In Tudor times sport was
strictly controlled by
the government. For example, only the upper classes were allowed to
take part in tournaments. These involved two armoured knights separated
by a four-foot-high wooden barrier. Each knight carried a lance and
the objective was to knock your opponent off his horse as he galloped
past.
Henry
VIII was a skilled jouster. However, in 1536 he was seriously
injured while jousting and was forced to retire from the sport. Henry
also enjoyed playing tennis. In Tudor times tennis was played indoors
and balls were made of leather shells filled with hair.
Henry was also a keen
hunter. He often spent six hours a day hunting stags. Only nobles
were allowed to hunt stags. Yeoman farmers could hunt foxes and everyone
else hunted hares and rabbits.
It was important to the
Tudor government that
English people spent most of their time working. A law was passed
in 1512 that banned ordinary people from a whole range of games including
tennis, dice, cards, bowls and skittles.
In the early 1500s football
became a popular sport in England. It was a very different game from
the one played today. The two sets of goal posts were placed about
a mile apart. There was no limit to the numbers that took part and
players could kick, throw or pick up the ball in an attempt to put
it between the opponent's goalposts.
In 1540 people in England
were banned from
playing football.

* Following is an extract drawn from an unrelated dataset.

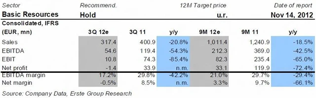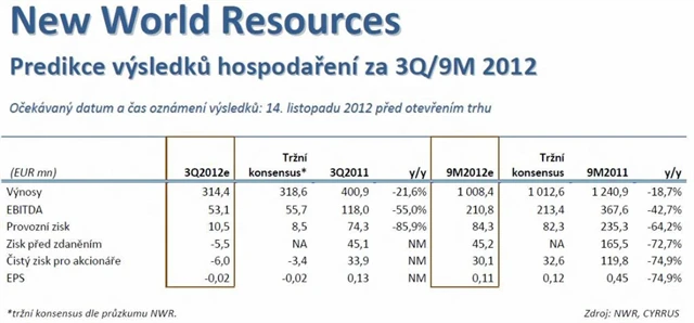 Pro investory by nemělo být podstatné, zda NWR ve 3Q2012 vykáže několik milionů eur ztráty či zisku, důležité jsou jiné faktory. Pozornost by měla být upřena především ke komentářům o vývoji tržního prostředí ve střední Evropě (ceny uhlí a koksu, úroveň zásob, poptávka z ocelárenského průmyslu) a případným novým informacím projektu v Polsku. Z pohledu samotných hospodářských výsledků za 3Q2012 vidíme jako klíčové to, jak se budou vyvíjet provozní náklady, protože při současných nízkých cenách uhlí je schopnost managementu NWR nacházet další úspory v OPEX stěžejním, i když velmi složitým úkolem.

Two years later more games were banned including
a new popular activity called shuffleboard (shove-halfpenny).
One pastime that all classes
enjoyed in Tudor England was bear-baiting. Individual bears were chained
to a post in a bear-ring. A group of dogs were then set on the bear.
The dogs tried to kill the bear by biting its throat.
Henry
VIII and Elizabeth both enjoyed
watching bear-baiting. A ring was even built in the grounds of Whitehall
so that the Tudor monarchs could watch bear-baiting from the windows
of the palace. Queen Elizabeth went on her tours of England, towns
put on large bear-baiting shows for her. When the House
of Commons in 1585 voted to ban bear-baiting on Sunday, Elizabeth
overruled them.
Elizabethans also enjoyed
watching other cruel events, for example, bears-that had been blinded
being whipped by five or six men. Another event involved donkeys and
bulls being attacked by teams of fierce dogs.
People also paid to visit
mental institutions like Bedlam Hospital in London, where they enjoyed
watching the strange antics of the patients. Bedlam even hired out
patients to appear as entertainers at weddings and banquets.

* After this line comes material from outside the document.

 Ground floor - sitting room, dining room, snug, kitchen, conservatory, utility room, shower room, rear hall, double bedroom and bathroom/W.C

A woodcut of a bear-garden
(c. 1620)

(1)
Philip Stubbs, The Anatomy of Abuses (1585)
Football
is more a fight than a game... Sometimes their necks are broken, sometimes
their backs, sometimes their legs... Football encourages envy and
hatred... sometimes fighting, murder and a great loss of blood.
(2)
Paul Hentzner was a German who visited England in 1598. While he was
in London he watched a blinded bear being whipped by a group of six
men.
The bear
cannot escape from them because of the chain; he defends himself with
all his force and skill, throwing down all who come within his reach...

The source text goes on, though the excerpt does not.